I keep silent. I could tell her everything, I feel like I could tell her absolutely everything. And she wouldn’t turn away, she’d hear me out, and at the end she’d rest her head on my forehead, I’m sure of it. She’d run her fingers through my hair, like she loves to, she would start doing my hair with the same concentration she gives her own.
They love me — I’m not sure why that is, what I’m made of — but they fall very easily and deeply in love with me, and afterward I practically have to pry them off with a crowbar. As a result, love becomes my primary enemy. I’m not saying it’s normal, I’m not normal at all. I’m not proud of this, I’m probably a freak — but they get used to that, too. They ask you questions, hammering away at you, yelling, in the end they accept it and just ask out of inertia without expecting a concrete answer, “Just tell me what you want. I don’t get it.”
What they count on most is the complexity of male desires. It’s hard to answer the general question: what do you want? So I answer very concretely, using names, weights and colors: “I want coffee and doughnuts”—this snaps the passive listener out of her stupor. “ What? ” is the following logical and slightly astonished question.
“Coffee and doughnuts, but with that taste of the good old days.”
The effect of sincerity is short-lived. They soon turn their back on you again, somehow accusingly, but now with a certain contempt. Women are at first endlessly curious, they start to love me. Then they begin to despise me to my very core, because I turn out to be boring, the living picture of their dissatisfaction. Should I ask them what they wanted from me or whether I’ve promised anything? I don’t think there’s any point.

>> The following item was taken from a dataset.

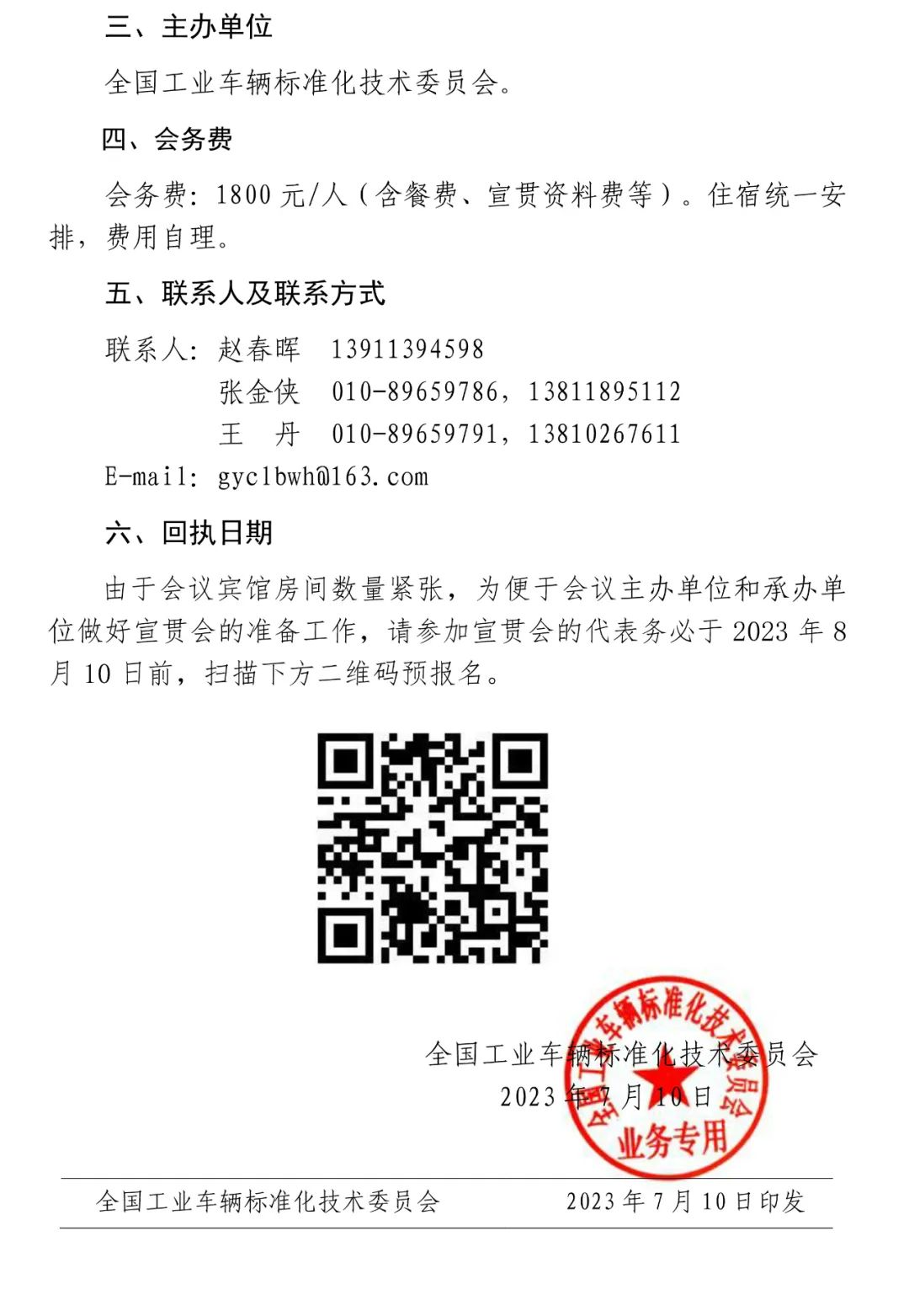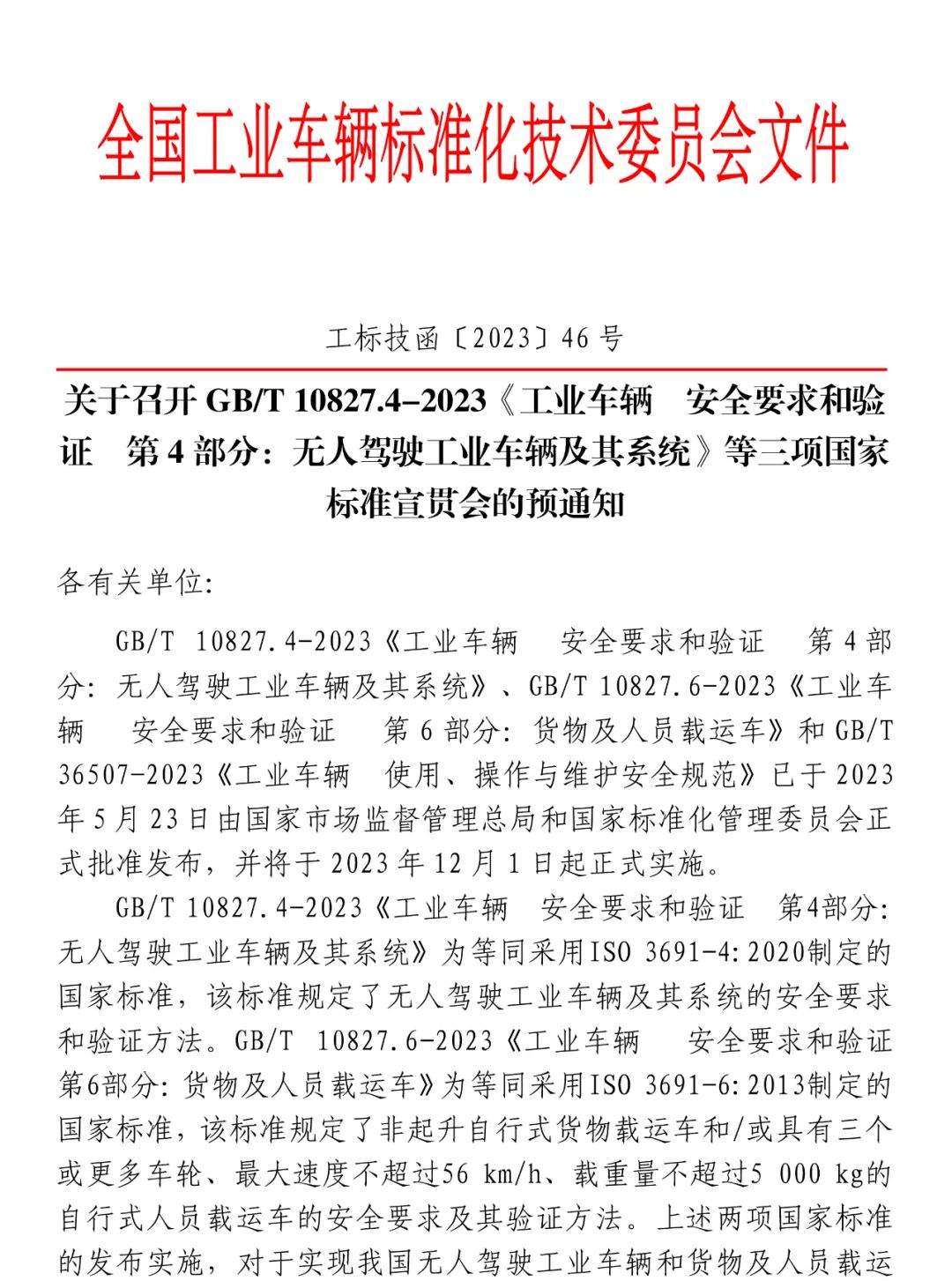关于召开GB/T 10827.4-2023《工业车辆 安全要求和验证 第4部分:无人驾驶工业车辆及其系统》等标准宣贯会的预通知

“Come on, get up, wake up! How can you even feel like sleeping, I could hardly sleep a wink from anxiety.”
What anxiety, I could reply, but I don’t want to. Some breath of the dream is caught between my lips, a warm sip with a strange aftertaste, slightly bitter, slightly sweet, the slightly rotten taste of waking that spurs you to brush your teeth — so as to forget that gloomy little ghost, that telltale memory, trace, souvenir and hint that in your dreams you embraced something dead.

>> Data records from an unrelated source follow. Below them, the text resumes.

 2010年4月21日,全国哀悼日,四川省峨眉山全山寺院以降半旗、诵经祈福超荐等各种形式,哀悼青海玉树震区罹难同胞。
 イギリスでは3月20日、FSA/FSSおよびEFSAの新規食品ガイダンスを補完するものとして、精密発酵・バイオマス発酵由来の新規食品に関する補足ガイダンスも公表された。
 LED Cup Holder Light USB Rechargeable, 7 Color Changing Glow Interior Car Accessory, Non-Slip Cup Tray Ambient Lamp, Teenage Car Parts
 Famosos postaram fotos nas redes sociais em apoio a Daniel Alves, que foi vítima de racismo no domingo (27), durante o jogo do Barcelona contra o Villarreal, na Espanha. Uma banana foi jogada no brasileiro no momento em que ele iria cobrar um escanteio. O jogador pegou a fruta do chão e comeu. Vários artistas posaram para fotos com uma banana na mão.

“You haven’t shown me anything of your father’s,” I say after swallowing that chunk of mummified dream.
I lie back on the pillow. She has stopped moving her hand, right as it was passing through the roots of her hair. I love watching women stop moving their hands, especially when executing one of the most primitive female movements.
“What?”
“It just occurred to me all of a sudden, I don’t know why, that you almost never say anything about your father.”
“My father’s been gone for years, you know that.”
“He died.”
I say this without a questioning intonation, yet not exactly as a statement, either. More like an opinion open to argument, proof, verification or refutation.
“What’s the matter with you?” Her nervous liveliness has suddenly dried up. After that I again hear in her voice those notes of annoyance and stubbornness. The feeling that she’s being attacked — by none other than me. “Did something happen? Are you trying to tell me something?”